- [Task objective]: Exactly the lines starting at the line containing "리스트를 사용하고 있다." and ending at the line containing "弦高は12フレット上で6弦側" are to be written out from the listing below, both included.
[Records for the exercise — start]
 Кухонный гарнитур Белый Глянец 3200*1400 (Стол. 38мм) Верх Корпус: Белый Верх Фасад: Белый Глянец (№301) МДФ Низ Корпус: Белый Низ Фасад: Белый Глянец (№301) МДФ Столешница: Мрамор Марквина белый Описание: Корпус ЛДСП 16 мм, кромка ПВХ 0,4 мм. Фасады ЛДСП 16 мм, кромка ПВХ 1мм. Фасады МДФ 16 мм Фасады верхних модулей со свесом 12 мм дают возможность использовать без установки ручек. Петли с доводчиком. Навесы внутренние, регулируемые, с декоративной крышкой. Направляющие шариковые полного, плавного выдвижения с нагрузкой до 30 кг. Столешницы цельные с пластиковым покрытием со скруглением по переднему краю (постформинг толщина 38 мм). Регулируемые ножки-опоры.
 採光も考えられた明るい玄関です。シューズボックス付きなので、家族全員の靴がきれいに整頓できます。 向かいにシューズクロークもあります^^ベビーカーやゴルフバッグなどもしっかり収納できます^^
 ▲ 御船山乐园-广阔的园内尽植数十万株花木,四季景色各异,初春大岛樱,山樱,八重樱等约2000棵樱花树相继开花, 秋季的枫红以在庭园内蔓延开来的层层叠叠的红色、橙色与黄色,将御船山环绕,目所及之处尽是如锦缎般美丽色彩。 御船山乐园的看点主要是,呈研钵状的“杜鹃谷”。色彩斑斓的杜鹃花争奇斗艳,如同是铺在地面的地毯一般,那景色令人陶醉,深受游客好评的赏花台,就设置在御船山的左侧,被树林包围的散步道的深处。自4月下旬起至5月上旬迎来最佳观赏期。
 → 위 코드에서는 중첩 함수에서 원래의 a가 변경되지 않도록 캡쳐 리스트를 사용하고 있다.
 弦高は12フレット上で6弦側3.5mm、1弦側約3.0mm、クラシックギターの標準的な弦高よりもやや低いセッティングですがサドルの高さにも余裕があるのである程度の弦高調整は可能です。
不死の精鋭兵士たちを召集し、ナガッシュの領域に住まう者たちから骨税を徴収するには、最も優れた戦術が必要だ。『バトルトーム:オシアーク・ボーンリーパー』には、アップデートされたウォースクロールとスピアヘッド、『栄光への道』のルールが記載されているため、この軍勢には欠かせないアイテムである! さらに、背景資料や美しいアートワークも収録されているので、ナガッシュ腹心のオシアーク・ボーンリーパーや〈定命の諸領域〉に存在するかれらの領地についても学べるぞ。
[Records for the exercise — finish]
[Records for the exercise — start]
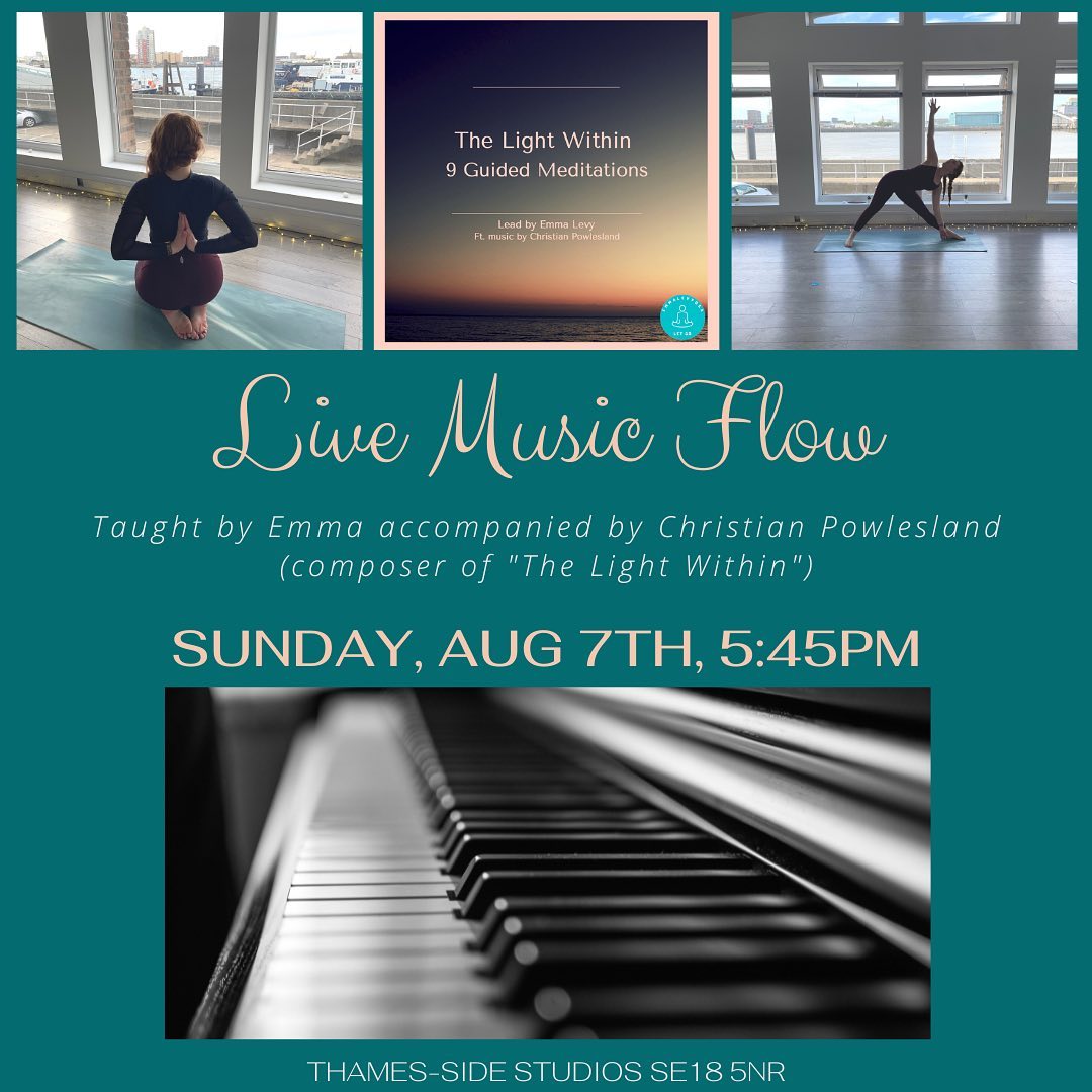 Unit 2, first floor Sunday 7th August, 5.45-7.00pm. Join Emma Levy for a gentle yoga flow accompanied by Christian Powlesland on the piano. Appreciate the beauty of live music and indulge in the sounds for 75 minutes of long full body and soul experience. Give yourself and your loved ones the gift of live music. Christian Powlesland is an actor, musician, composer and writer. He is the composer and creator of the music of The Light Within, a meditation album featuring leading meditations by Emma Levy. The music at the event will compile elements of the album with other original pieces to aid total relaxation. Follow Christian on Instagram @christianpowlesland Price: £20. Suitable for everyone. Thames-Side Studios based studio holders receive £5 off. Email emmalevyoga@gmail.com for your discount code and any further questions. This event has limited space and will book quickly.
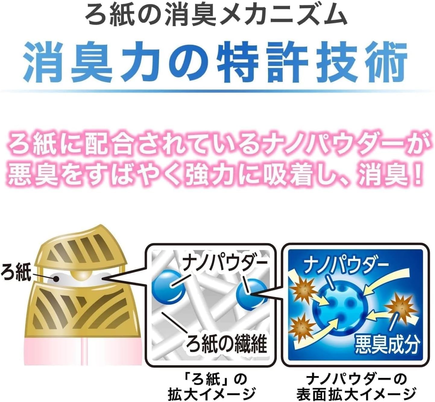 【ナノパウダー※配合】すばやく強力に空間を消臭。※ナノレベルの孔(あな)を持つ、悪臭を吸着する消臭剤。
[Records for the exercise — finish]
[Records for the exercise — start]
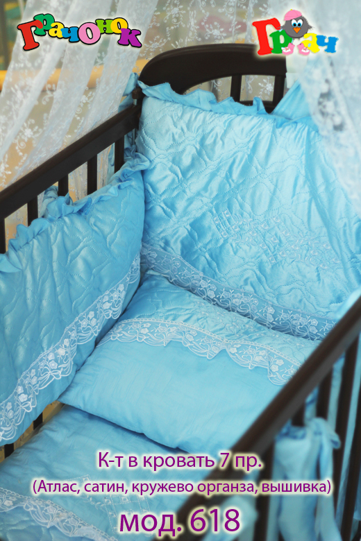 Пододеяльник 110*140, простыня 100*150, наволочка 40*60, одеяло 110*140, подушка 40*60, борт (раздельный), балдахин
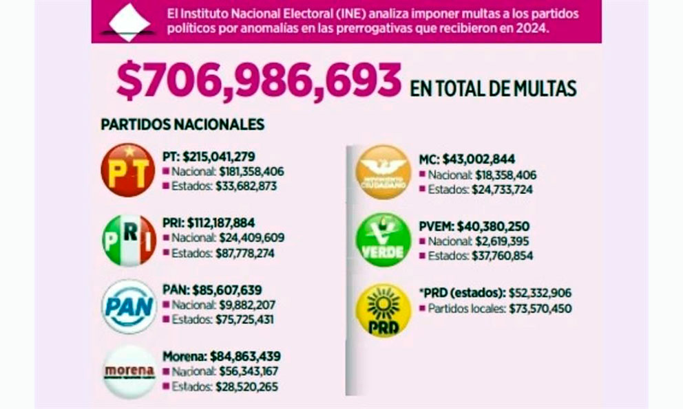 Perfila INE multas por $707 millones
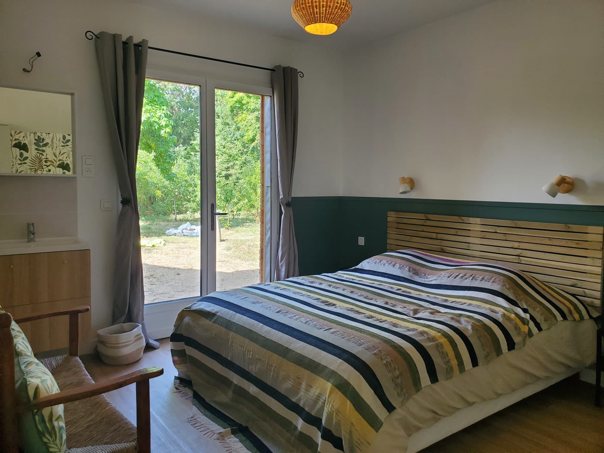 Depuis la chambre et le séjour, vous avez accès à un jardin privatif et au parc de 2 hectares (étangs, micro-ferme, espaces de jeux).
[Records for the exercise — finish]
- [Exercise result]:
 → 위 코드에서는 중첩 함수에서 원래의 a가 변경되지 않도록 캡쳐 리스트를 사용하고 있다.
 弦高は12フレット上で6弦側3.5mm、1弦側約3.0mm、クラシックギターの標準的な弦高よりもやや低いセッティングですがサドルの高さにも余裕があるのである程度の弦高調整は可能です。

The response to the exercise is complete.